## Data extract
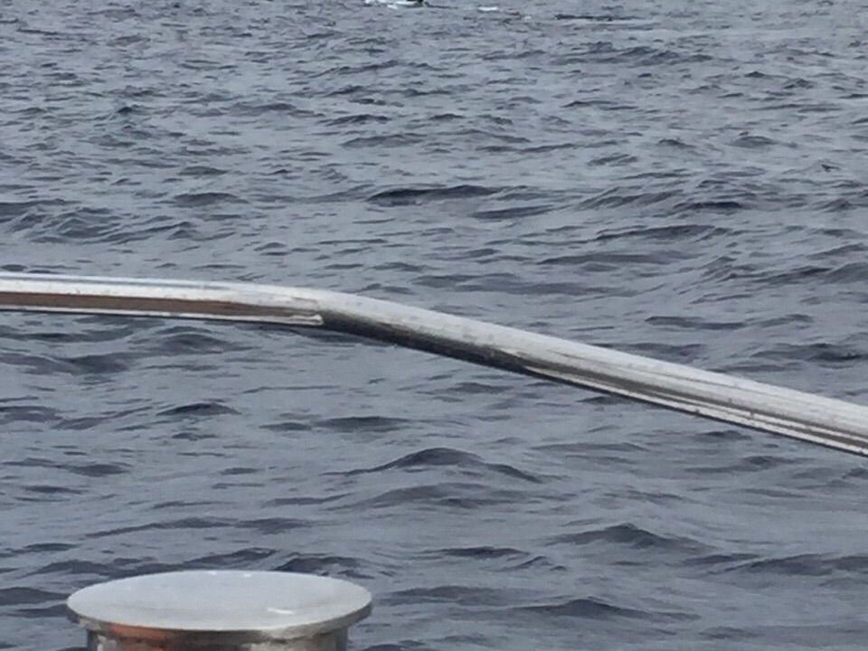 しばらくすると突然ガイドさんが、大きな声でクジラ発見‼︎と吠え、拍手喝采。単独のザトウクジラを追いかけて、数回、尾を見て、最後にジャンプまで。しかしながら、どれも距離が遠く、迫力に欠けたのが残念でした。
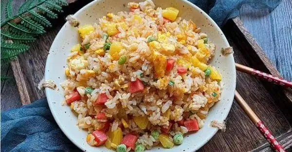 菠蘿也能吃出來花樣,跟剩米飯一炒,酸甜開胃
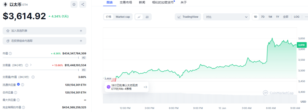 ETH: 日内涨幅4.36%。目前在各平台24h交易量总合约15.45B。现价:$3,615.07
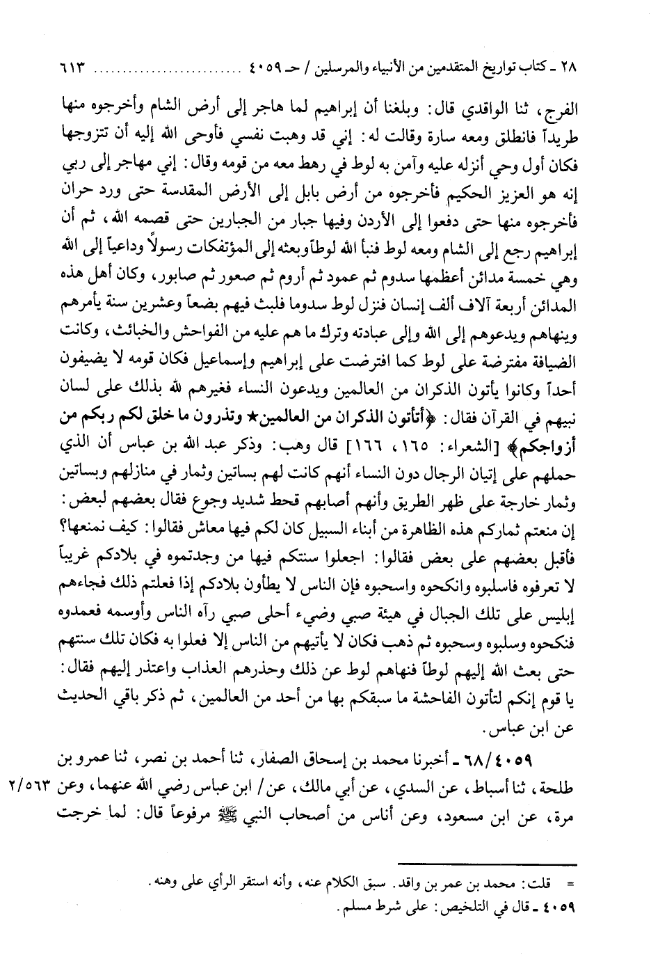 4059 - أَخْبَرَنَا مُحَمَّدُ بْنُ إِسْحَاقَ الصَّفَّارُ، ثنا أَحْمَدُ بْنُ نَصْرٍ، ثنا عَمْرُو بْنُ طَلْحَةَ، ثنا أَسْبَاطٌ، عَنِ السُّدِّيِّ، عَنْ أَبِي مَالِكٍ، عَنِ ابْنِ عَبَّاسٍ رَضِيَ اللَّهُ عَنْهُمَا، وَعَنْ مُرَّةَ، عَنِ ابْنِ مَسْعُودٍ، وَعَنْ أُنَاسٍ، مِنْ أَصْحَابِ النَّبِيِّ صَلَّى اللهُ عَلَيْهِ وَسَلَّمَ مَرْفُوعًا قَالَ: §" لَمَّا خَرَجَتِ الْمَلَائِكَةُ مِنْ عِنْدِ إِبْرَاهِيمَ نَحْوَ قَرْيَةِ لُوطٍ وَأَتَوْهَا نِصْفَ النَّهَارِ، فَلَمَّا بَلَغُوا نَهَرَ سَدُومٍ لَقَوُا ابْنَةَ لُوطٍ تَسْتَقِي مِنَ الْمَاءِ لِأَهْلِهَا وَكَانَ لَهُ ابْنَتَانِ، فَقَالُوا لَهَا: يَا جَارِيَةُ، هَلْ مِنْ مَنْزِلٍ؟ قَالَتْ: نَعَمْ، مَكَانَكُمْ لَا تَدْخُلُوا حَتَّى آتِيَكُمْ فَأَتَتْ أَبَاهَا، فَقَالَتْ: يَا أَبَتَاهُ أَدْرِكْ فِتْيَانًا عَلَى بَابِ الْمَدِينَةِ مَا رَأَيْتُ وُجُوهَ قَوْمٍ هِيَ أَحْسَنُ مِنْهُمْ لَا يَأْخُذُهُمْ قَوْمُكَ فَيَفْضَحُوهُمْ، وَقَدْ كَانَ قَوْمُهُ نَهَوْهُ أَنْ يُضِيفَ رَجُلًا حَتَّى قَالُوا: حَلَّ عَلَيْنَا فَلْيُضَيِّفِ الرِّجَالَ فَجَاءَهُمْ وَلَمْ يُعْلِمْ أَحَدًا إِلَّا بَيْتَ أَهْلِ لُوطٍ، فَخَرَجَتِ امْرَأَتُهُ فَأَخْبَرَتْ قَوْمَهُ، قَالَتْ: إِنَّ فِي بَيْتِ لُوطٍ رِجَالًا مَا رَأَيْتُ مِثْلَ وُجُوهِهِمْ قَطُّ، فَجَاءَهُ قَوْمُهُ يُهْرَعُونَ إِلَيْهِ، فَلَمَّا أَتَوْهُ قَالَ لَهُمْ لُوطٌ: «يَا قَوْمِ اتَّقُوا اللَّهَ وَلَا تُخْزُونِ فِي ضَيْفِي أَلَيْسَ مِنْكُمْ رَجُلٌ رُشَيْدٌ هَؤُلَاءِ بَنَاتِي هُنَّ أَطْهُرُ لَكُمْ مِمَّا تُرِيدُونَ» ، قَالُوا لَهُ: أَوَ لَمْ نَنْهَكَ إِنْ تُضَيِّفَ الرِّجَالَ قَدْ عَلِمْتَ أَنَّ مَا لَنَا فِي بَنَاتِكَ مِنْ حَقٍّ، وَإِنَّكَ لَتَعْلَمُ مَا نُرِيدُ، فَلَمَّا لَمْ يَقْبَلُوا مِنْهُ مَا عَرَضَهُ عَلَيْهِمْ، قَالَ: «لَوْ أَنَّ لِيَ بِكُمْ قُوَّةً أَوْ آوِي إِلَى رُكْنٍ شَدِيدٍ» يَقُولُ صَلَوَاتُ اللَّهِ عَلَيْهِ: «لَوْ أَنَّ لِي أَنْصَارًا يَنْصُرُونِي عَلَيْكُمْ أَوْ عَشِيرَةً تَمْنَعُنِي مِنْكُمْ لَحَالَتْ بَيْنَكُمْ وَبَيْنَ مَا جِئْتُمْ تُرِيدُونَهُ مِنْ أَضْيَافِي» وَلَمَّا قَالَ لُوطٌ: " لَوْ أَنَّ لِيَ بِكُمْ قُوَّةً أَوْ آوِي إِلَى رُكْنٍ شَدِيدٍ بَسَطَ حِينَئِذٍ جِبْرِيلُ جَنَاحَيْهِ فَفَقَأَ أَعْيُنَهُمْ وَخَرَجُوا يَدُوسُ بَعْضُهُمْ فِي آثَارِ بَعْضٍ عُمْيَانًا، يَقُولُونَ: النَّجَا النَّجَا، فَإِنَّ فِي بَيْتِ لُوطٍ أَسْحَرَ قَوْمٍ فِي الْأَرْضِ فَذَلِكَ قَوْلُ اللَّهِ عَزَّ وَجَلَّ {وَلَقَدْ رَاوَدُوهُ عَنْ ضَيْفِهِ فَطَمَسْنَا أَعْيُنَهُمْ} [القمر: 37] وَقَالُوا: يَا لُوطُ إِنَّا رُسُلُ رَبِّكَ لَنْ يَصِلُوا إِلَيْكَ، فَأَسْرِ بِأَهْلِكَ بِقِطِعٍ مِنَ اللَّيْلِ وَلَا يَلْتَفِتْ مِنْكُمْ أَحَدٌ إِلَّا امْرَأَتُكَ فَاتَّبِعْ آثَارَ أَهْلِكَ، يَقُولُ: «وَامْضُوا حَيْثُ تُؤْمَرُونَ فَأَخْرَجَهُمُ اللَّهُ إِلَى الشَّامِ» وَقَالَ لُوطٌ: أَهْلِكُوهُمُ السَّاعَةَ فَقَالُوا: إِنَّا لَمْ نُؤْمَرْ إِلَّا بِالصُّبْحِ أَلَيْسَ الصُّبْحُ بِقَرِيبٍ فَلَمَّا أَنْ كَانَ السَّحَرُ خَرَجَ لُوطٌ وَأَهْلُهُ عَدَا امْرَأَتِهِ فَذَلِكَ قَوْلُ اللَّهِ عَزَّ وَجَلَّ: {إِلَّا آلَ لُوطٍ نَجَّيْنَاهُمْ بِسَحَرٍ} [القمر: 34] «هَذَا حَدِيثٌ صَحِيحٌ عَلَى شَرْطِ مُسْلِمٍ وَلَمْ يُخَرِّجَاهُ» K4059 - على شرط مسلم

## What to produce
Pictures are to be omitted; otherwise, write out the data exactly as it appears.

## Response area
 しばらくすると突然ガイドさんが、大きな声でクジラ発見‼︎と吠え、拍手喝采。単独のザトウクジラを追いかけて、数回、尾を見て、最後にジャンプまで。しかしながら、どれも距離が遠く、迫力に欠けたのが残念でした。
 菠蘿也能吃出來花樣,跟剩米飯一炒,酸甜開胃
 ETH: 日内涨幅4.36%。目前在各平台24h交易量总合约15.45B。现价:$3,615.07
 4059 - أَخْبَرَنَا مُحَمَّدُ بْنُ إِسْحَاقَ الصَّفَّارُ، ثنا أَحْمَدُ بْنُ نَصْرٍ، ثنا عَمْرُو بْنُ طَلْحَةَ، ثنا أَسْبَاطٌ، عَنِ السُّدِّيِّ، عَنْ أَبِي مَالِكٍ، عَنِ ابْنِ عَبَّاسٍ رَضِيَ اللَّهُ عَنْهُمَا، وَعَنْ مُرَّةَ، عَنِ ابْنِ مَسْعُودٍ، وَعَنْ أُنَاسٍ، مِنْ أَصْحَابِ النَّبِيِّ صَلَّى اللهُ عَلَيْهِ وَسَلَّمَ مَرْفُوعًا قَالَ: §" لَمَّا خَرَجَتِ الْمَلَائِكَةُ مِنْ عِنْدِ إِبْرَاهِيمَ نَحْوَ قَرْيَةِ لُوطٍ وَأَتَوْهَا نِصْفَ النَّهَارِ، فَلَمَّا بَلَغُوا نَهَرَ سَدُومٍ لَقَوُا ابْنَةَ لُوطٍ تَسْتَقِي مِنَ الْمَاءِ لِأَهْلِهَا وَكَانَ لَهُ ابْنَتَانِ، فَقَالُوا لَهَا: يَا جَارِيَةُ، هَلْ مِنْ مَنْزِلٍ؟ قَالَتْ: نَعَمْ، مَكَانَكُمْ لَا تَدْخُلُوا حَتَّى آتِيَكُمْ فَأَتَتْ أَبَاهَا، فَقَالَتْ: يَا أَبَتَاهُ أَدْرِكْ فِتْيَانًا عَلَى بَابِ الْمَدِينَةِ مَا رَأَيْتُ وُجُوهَ قَوْمٍ هِيَ أَحْسَنُ مِنْهُمْ لَا يَأْخُذُهُمْ قَوْمُكَ فَيَفْضَحُوهُمْ، وَقَدْ كَانَ قَوْمُهُ نَهَوْهُ أَنْ يُضِيفَ رَجُلًا حَتَّى قَالُوا: حَلَّ عَلَيْنَا فَلْيُضَيِّفِ الرِّجَالَ فَجَاءَهُمْ وَلَمْ يُعْلِمْ أَحَدًا إِلَّا بَيْتَ أَهْلِ لُوطٍ، فَخَرَجَتِ امْرَأَتُهُ فَأَخْبَرَتْ قَوْمَهُ، قَالَتْ: إِنَّ فِي بَيْتِ لُوطٍ رِجَالًا مَا رَأَيْتُ مِثْلَ وُجُوهِهِمْ قَطُّ، فَجَاءَهُ قَوْمُهُ يُهْرَعُونَ إِلَيْهِ، فَلَمَّا أَتَوْهُ قَالَ لَهُمْ لُوطٌ: «يَا قَوْمِ اتَّقُوا اللَّهَ وَلَا تُخْزُونِ فِي ضَيْفِي أَلَيْسَ مِنْكُمْ رَجُلٌ رُشَيْدٌ هَؤُلَاءِ بَنَاتِي هُنَّ أَطْهُرُ لَكُمْ مِمَّا تُرِيدُونَ» ، قَالُوا لَهُ: أَوَ لَمْ نَنْهَكَ إِنْ تُضَيِّفَ الرِّجَالَ قَدْ عَلِمْتَ أَنَّ مَا لَنَا فِي بَنَاتِكَ مِنْ حَقٍّ، وَإِنَّكَ لَتَعْلَمُ مَا نُرِيدُ، فَلَمَّا لَمْ يَقْبَلُوا مِنْهُ مَا عَرَضَهُ عَلَيْهِمْ، قَالَ: «لَوْ أَنَّ لِيَ بِكُمْ قُوَّةً أَوْ آوِي إِلَى رُكْنٍ شَدِيدٍ» يَقُولُ صَلَوَاتُ اللَّهِ عَلَيْهِ: «لَوْ أَنَّ لِي أَنْصَارًا يَنْصُرُونِي عَلَيْكُمْ أَوْ عَشِيرَةً تَمْنَعُنِي مِنْكُمْ لَحَالَتْ بَيْنَكُمْ وَبَيْنَ مَا جِئْتُمْ تُرِيدُونَهُ مِنْ أَضْيَافِي» وَلَمَّا قَالَ لُوطٌ: " لَوْ أَنَّ لِيَ بِكُمْ قُوَّةً أَوْ آوِي إِلَى رُكْنٍ شَدِيدٍ بَسَطَ حِينَئِذٍ جِبْرِيلُ جَنَاحَيْهِ فَفَقَأَ أَعْيُنَهُمْ وَخَرَجُوا يَدُوسُ بَعْضُهُمْ فِي آثَارِ بَعْضٍ عُمْيَانًا، يَقُولُونَ: النَّجَا النَّجَا، فَإِنَّ فِي بَيْتِ لُوطٍ أَسْحَرَ قَوْمٍ فِي الْأَرْضِ فَذَلِكَ قَوْلُ اللَّهِ عَزَّ وَجَلَّ {وَلَقَدْ رَاوَدُوهُ عَنْ ضَيْفِهِ فَطَمَسْنَا أَعْيُنَهُمْ} [القمر: 37] وَقَالُوا: يَا لُوطُ إِنَّا رُسُلُ رَبِّكَ لَنْ يَصِلُوا إِلَيْكَ، فَأَسْرِ بِأَهْلِكَ بِقِطِعٍ مِنَ اللَّيْلِ وَلَا يَلْتَفِتْ مِنْكُمْ أَحَدٌ إِلَّا امْرَأَتُكَ فَاتَّبِعْ آثَارَ أَهْلِكَ، يَقُولُ: «وَامْضُوا حَيْثُ تُؤْمَرُونَ فَأَخْرَجَهُمُ اللَّهُ إِلَى الشَّامِ» وَقَالَ لُوطٌ: أَهْلِكُوهُمُ السَّاعَةَ فَقَالُوا: إِنَّا لَمْ نُؤْمَرْ إِلَّا بِالصُّبْحِ أَلَيْسَ الصُّبْحُ بِقَرِيبٍ فَلَمَّا أَنْ كَانَ السَّحَرُ خَرَجَ لُوطٌ وَأَهْلُهُ عَدَا امْرَأَتِهِ فَذَلِكَ قَوْلُ اللَّهِ عَزَّ وَجَلَّ: {إِلَّا آلَ لُوطٍ نَجَّيْنَاهُمْ بِسَحَرٍ} [القمر: 34] «هَذَا حَدِيثٌ صَحِيحٌ عَلَى شَرْطِ مُسْلِمٍ وَلَمْ يُخَرِّجَاهُ» K4059 - على شرط مسلم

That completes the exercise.